Genomic Characterization of Integron-Harboring Isolates
The main statistics obtained with the de novo assembly of the 11 genomes are displayed in Table S3. The draft genomes varied among 3.8 Mb and 3688 protein-coding genes for M. morganii, and 6.5 Mb and 5938 protein-coding genes for P. putida, respectively (Table S3).
Overall, among the 333 isolates studied, we have detected 11 isolates harboring 12 integrons (Table 3). A single K. pneumoniae isolate harbored a class 1 and a class 3 integron within its genome. Integrons were similarly recovered along the whole period of sampling (March 2013 to February 2014), distributed among organic (n = 6) and conventional (n = 5) food products, and were predominant among lettuces (n = 9), but were also present in carrots (n = 1) and strawberries (n = 1; Table 3).
Table 3. Phenotypic and genotypic characteristics of isolates producing class 1, 2, and 3 integrons.
Besides the presence of typically chromosomal resistance genes such as blaACT−type and blaDHA−type in E. cloacae, and M. morganii (data now shown), respectively, 10 out of the 11 isolates showed diversity of acquired resistance genes (Table 3). These genes may be able to confer resistance to multiple antibiotic classes, such as β-lactams, aminoglycosides, quinolones, chloramphenicol, and sulfonamides, as represented in the susceptibility profile displayed in Table 3. Among the acquired resistance mechanisms, we highlight the presence of the recently described plasmid-mediated colistin resistance gene mcr-1 in E. coli, and the macrolide inactivation gene mphA in M. morganii, both from lettuce samples, as well as ESBL-encoding gene blaGES−11 and PMQR-encoding gene oqxAB in K. pneumoniae recovered from organic strawberries.

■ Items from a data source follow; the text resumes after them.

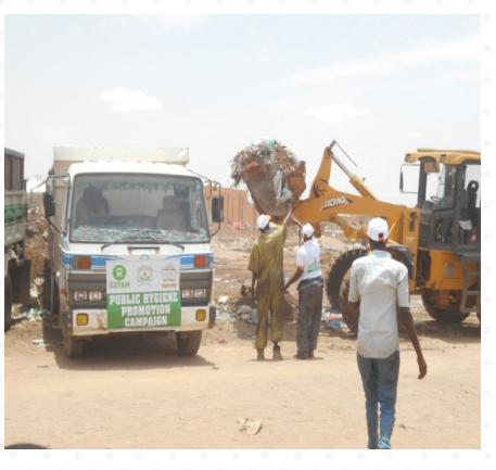
Mass cleaning campaing, Saylada, Burao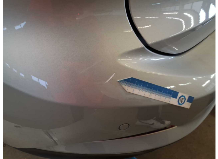
Damage 2: Rear bumper: Rear bumper - Scratch(es) - Paint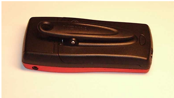
Figure 1. Belt Clip SKB-3

Our approach was to measure the SAR, when a phone is used with body worn accessories or is against the Flat Phantom. Body worn accessory SKB-3 Belt Clip (figure 1) was tested. The measurement test equipment and setup was the same as used and referred in SAR TEST REPORT of NOKIA 8260.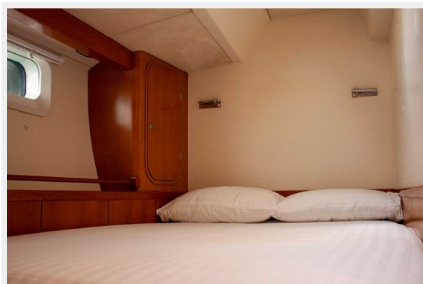
Fifty Fifty bed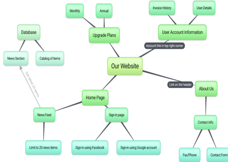
Example of a concept sketch.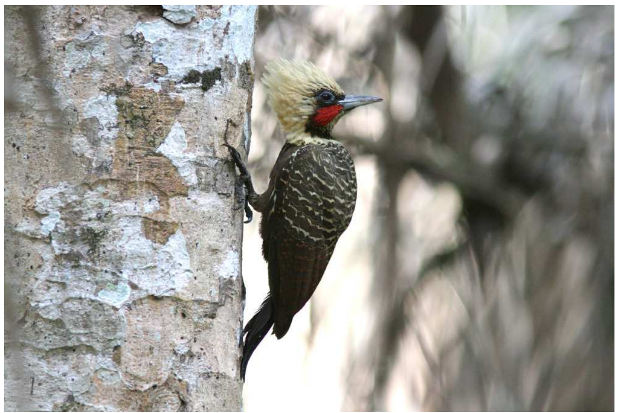
The beautiful Pale-crested Woodpecker at Canto do Arancuã.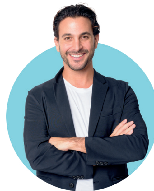
Hypothetical patient case and portrayal.

Tim is presenting with chronic anemia over the last 2 years.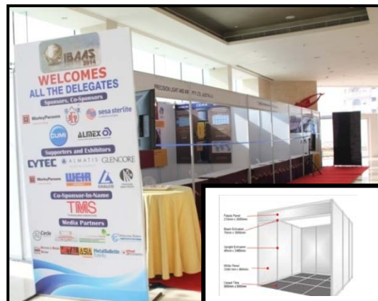
Past Conference Exhibition & Visual Scheme

At the venue of IBAAS conference, exhibition is being organized showcasing the developments of aluminium industry in India and world over. Fully furnished aluminium framed stalls of 2mx2m size would be available for interested companies. More than 200 delegates from India and abroad are expected to participate in this International mega event. The tariff for exhibition stall is as follows: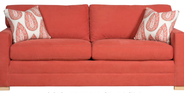
600 HILLCREST Track Arm, To The Front Cushion, Welted Border Back/ Border Cushion*, 20" Throw Pillows (welted square corner) *Also available with French Seam option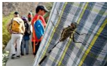
Friendly Dragon Orthetrum sabina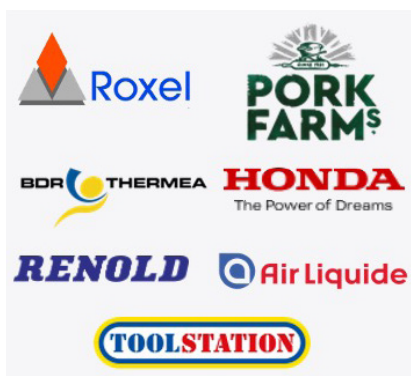
Manufacturing & Construction

No matter the industry, Digital Space is committed to delivering tailored Microsoft Azure Cloud solutions and services that drive results and empower your business to thrive in the digital age. Here is a snapshot of the main industries we have delivered for: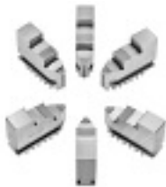
O.D. Hard Solid Jaws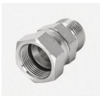
P/N:2J JIC female 74° cone/JIC male 74° cone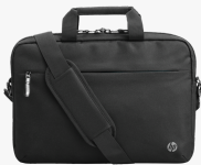
HP Professional 14.1-inch Laptop Bag 500S8AA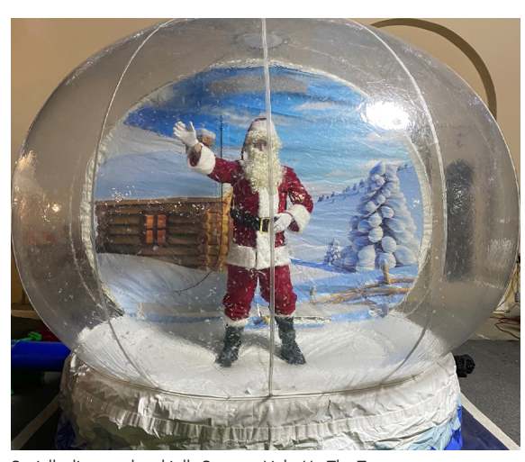
Socially distanced and jolly Santa at Light Up The Town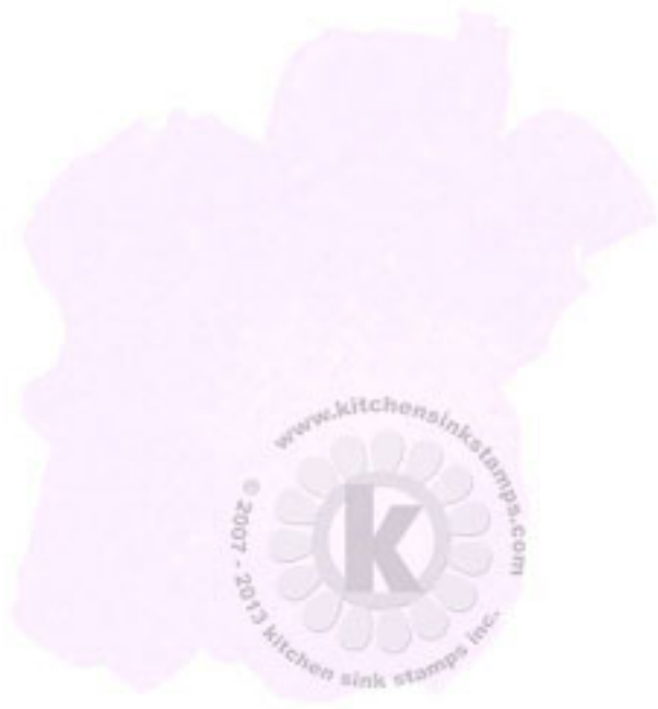
Step #1 Lulu Lavender Memento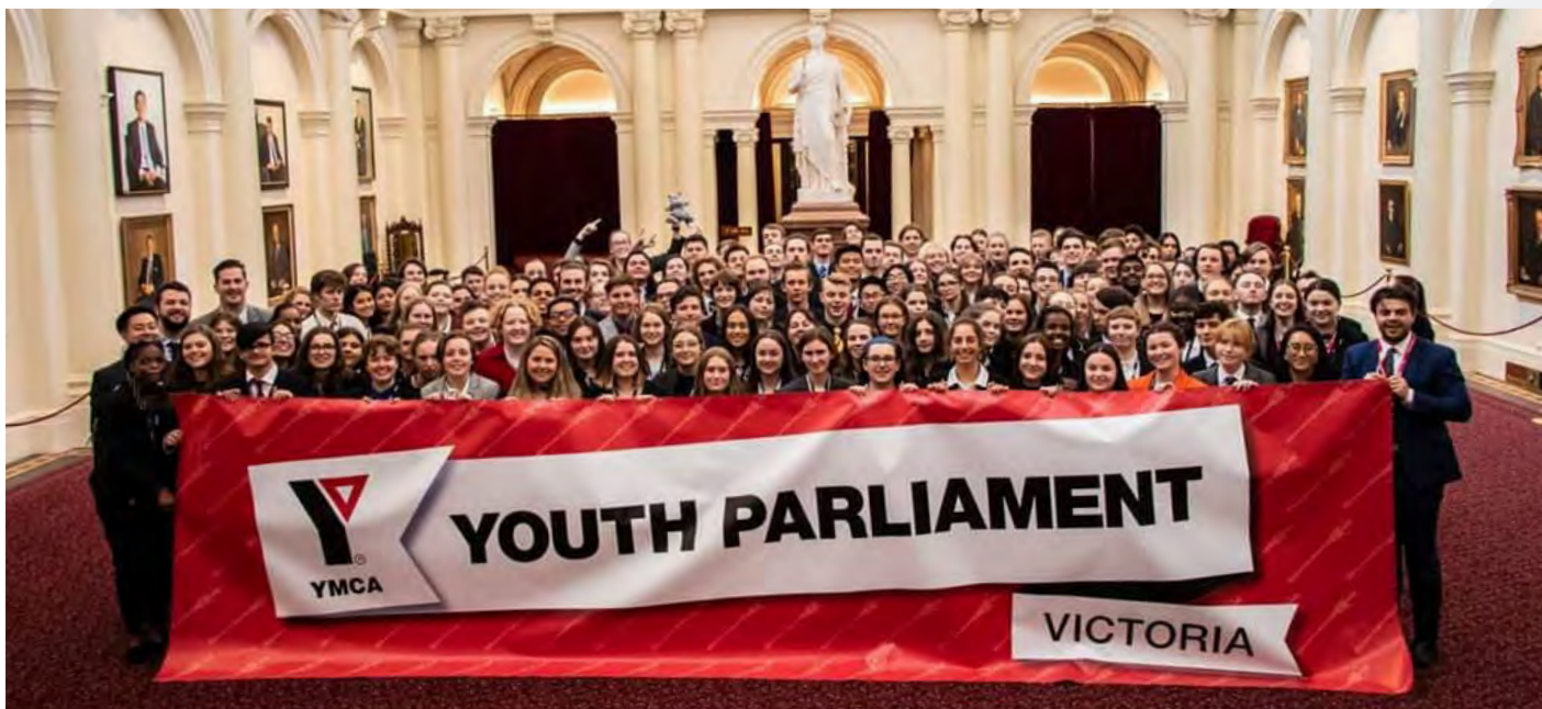
2019 Youth Parliamentarians in Queen's Hall, Parliament of Victoria.

The assessment of STs, showed that one of the E. cloacae and one of the E. coli isolates were assigned to new allele combinations, that were registered in the respective MLST databases as ST636 and ST5981 (Table 3). In addition, other STs were detected for the remaining typable species: E. cloacae (ST90), E. coli (ST345, ST1716, and ST2522) and K. pneumoniae (ST15) (Table 3).

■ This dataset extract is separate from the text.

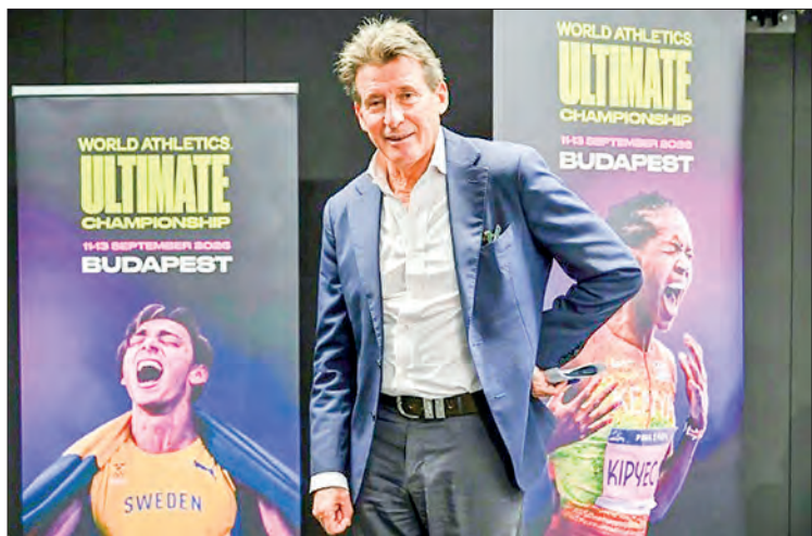
World Athletics President Sebastian Coe says the Ultimate Championship will be 'high-octane' entertainment.

"We want to bring our fans athletics like they have never seen it before — with the best of the best athletes in our sport competing head-to-head in a passion-fuelled, high octane, festival of sport, with sound, light and innovation." — AFP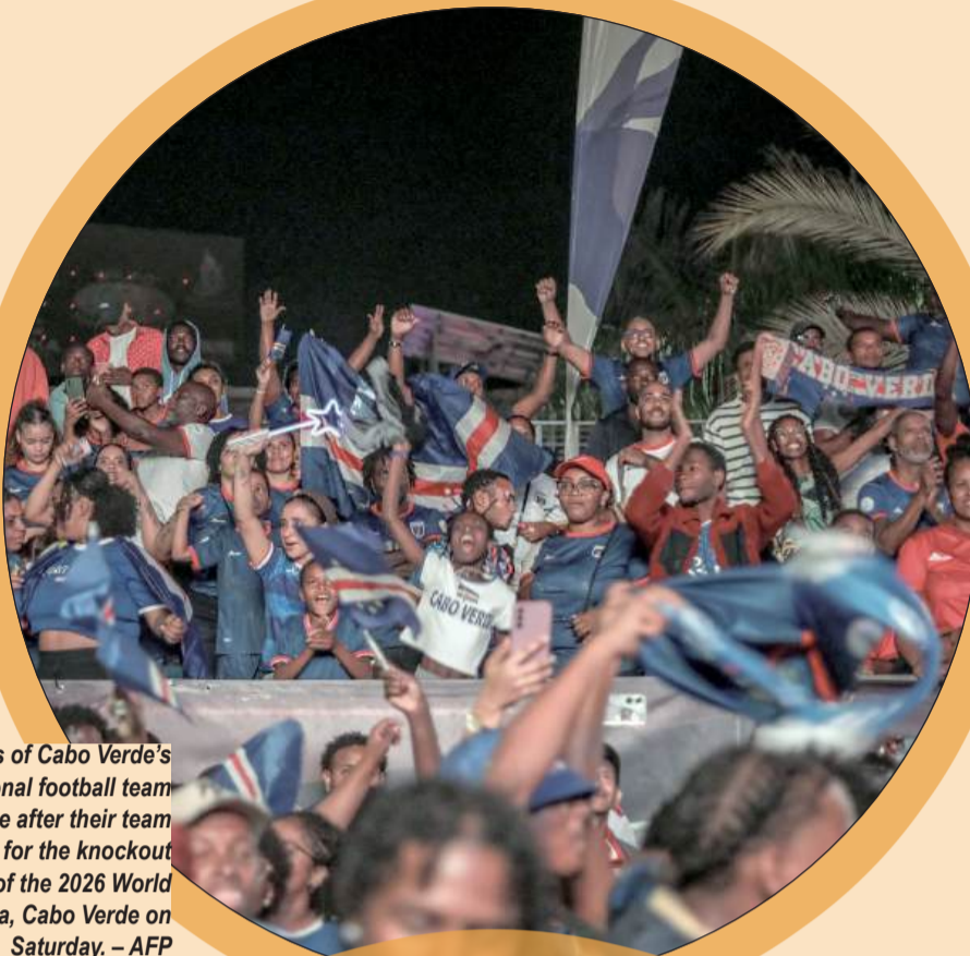
Supporters of Cabo Verde's national football team celebrate after their team qualified for the knockout stage of the 2026 World Cup in Praia, Cabo Verde on Saturday.

According with PlasmidFinder, the majority of the isolates harbored known Enterobacteriaceae plasmids from different incompatibility groups, among which we highlight the predominance of IncQ (INSali10, INSAli25, INSali38, INSali92, INSali370, and INSali390). Globally, 1–6 intact prophage regions were detected within the genomes of these Gram negative isolates. For E. coli isolates INSali25, INSali38, INSali92, and INSali370, virulence factors gad, lpfA, capU were differentially detected, as displayed in Table 3.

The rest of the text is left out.